Table 6. SDN1 editing efficiencies of LbCas12a variants in maize.

Table 7. SDN1 editing efficiencies of LbCas12a variants in maize.

Example 2. C965S acts synergistically with D156R to improve the efficiency of SDN1 editing in soybean

In order to assess the efficacy of C965S in improving SDN1-inducing efficiency of LbCas12a in soybean, two LbCas12a variants, LbCas12a-D156R and LbCas12a-D156R-C965S, will be compared for their SDN1-generating performance. The two variants are identical to those tested in maize as described in Example 1, except that the coding sequences were optimized based on Arabidopsis-preferred codon usage.

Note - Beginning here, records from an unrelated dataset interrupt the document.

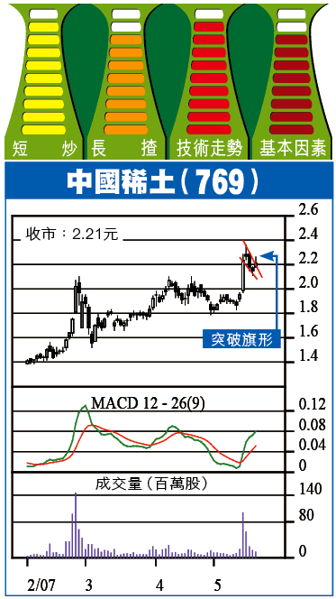 中國稀土(769)上周二大幅抽升,突破2.10元的頂部阻力,衝上2.36元後調整,可視為係突破形態的後抽整固,形成旗形,噚日升勢再起,收2.21元,進賬6仙,調整應已完成,再破位而上,第1個目標係2.60元,中線更可見3字頭。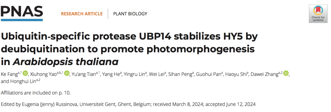 近日,欢迎来到公海710林宏辉/张大伟团队在美国科学院院刊PNAS发表了题为Ubiquitin-specific protease UBP14 stabilizes HY5 by deubiquitination to promote photomorphogenesis in Arabidopsis thaliana的研究论文,揭示了去泛素化酶UBP14通过去泛素化稳定核心转录因子HY5从而促进植物光形态建成的新机制。
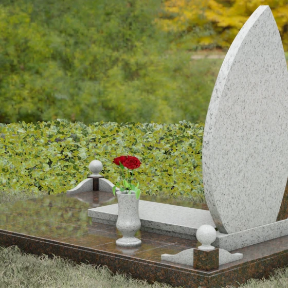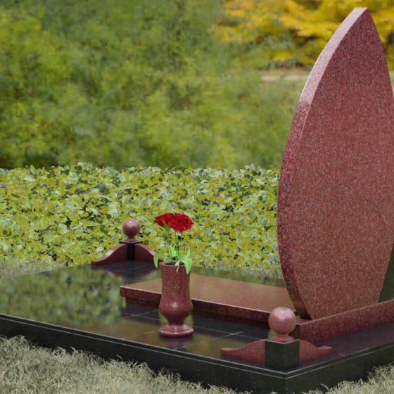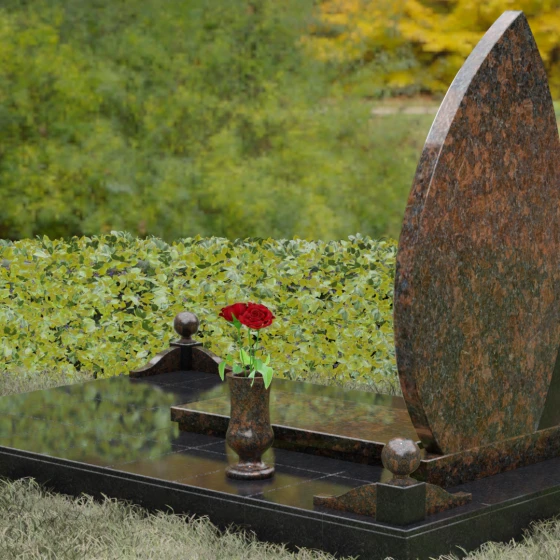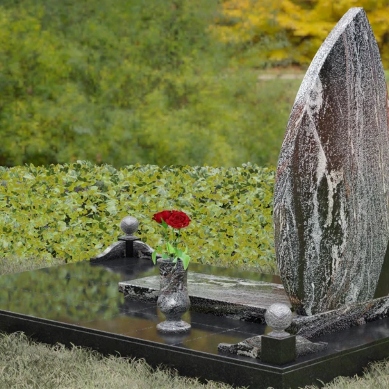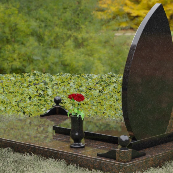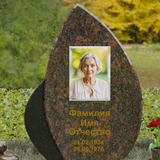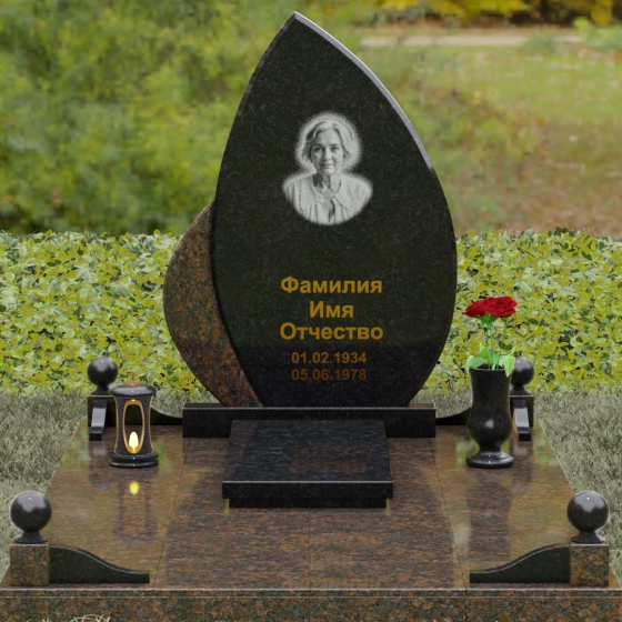 Гранитный монумент под артикулом 093 — это подлинное торжество художественной мысли, воплощенное в благородном камне. Центральный элемент композиции обладает уникальной асимметричной формой, напоминающей лепесток экзотического цветка или застывшее пламя свечи. Плавный изгиб верхней грани устремлен вверх, создавая ощущение легкости и одухотворенности, несмотря на внушительный вес материала. Особенную глубину композиции придает многослойность: основное полированное полотно дополнено тыльным элементом с иным типом обработки или другим оттенком камня, что создает эффектный контраст и визуальный объем. Зеркальная полировка лицевой поверхности безупречна — она отражает свет, заставляя грани «дышать» при изменении угла освещения, в то время как фаски и боковые срезы акцентируют внимание на четкости и чистоте линий.
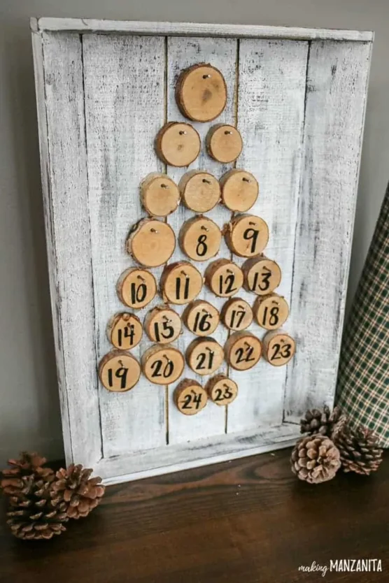 A farmhouse-style advent calendar brings rustic charm and cozy holiday excitement into your home. Made with natural wood slices arranged in a Christmas tree shape, each numbered piece marks the countdown to Christmas in a simple, handcrafted way.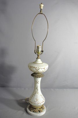 The lamp features a sinuous form, with scrolled gold motifs elegantly contrasting against the creamy ceramic background.

For each variant, two binary vectors were constructed to test the SDN1 efficiency at different target loci. In each construct, the coding sequence of one variant, fused with a NLS, is operably linked to a promoter, such as an Arabidopsis elongation factor 1 alpha (EF1α) promoter, and a terminator, such as an Agrobacterium tumefaciens nopaline synthase gene terminator, for strong constitutive expression in soybean cells. In all constructs, a gRNA or a gRNA array driven by a soybean ubiquitin 1 promoter, is designed to express gRNA (s) targeting a sitethe soybean genome, such as FAD2 (SEQ ID NO: 38 provides the LbCas12a gRNA targeting soybean FAD2-1A gene) . The gRNA (s) are based on the mature crRNA scaffold of LbCas12a, and are processed by self-cleaving ribozymes on the flanks. Transgenic soybean plants are generated by infecting mature soybean seeds with Agrobacterium tumefaciens strain harboring one of the binary vectors described above, followed by tissue culture procedures.

The leaves of regenerated plantlets will be sampled for DNA extraction, and the transgenic plants will be identified by TaqMan assays. The sequences spanning each of the three target sites will be PCR-amplified and Sanger-sequenced, in order to determine the genotypes and the SDN1 efficiencies at the target sites.

Example 3. Generation and identification of FnCas12a cysteine-substituted variants with enhanced in planta SDN1 editing efficiency.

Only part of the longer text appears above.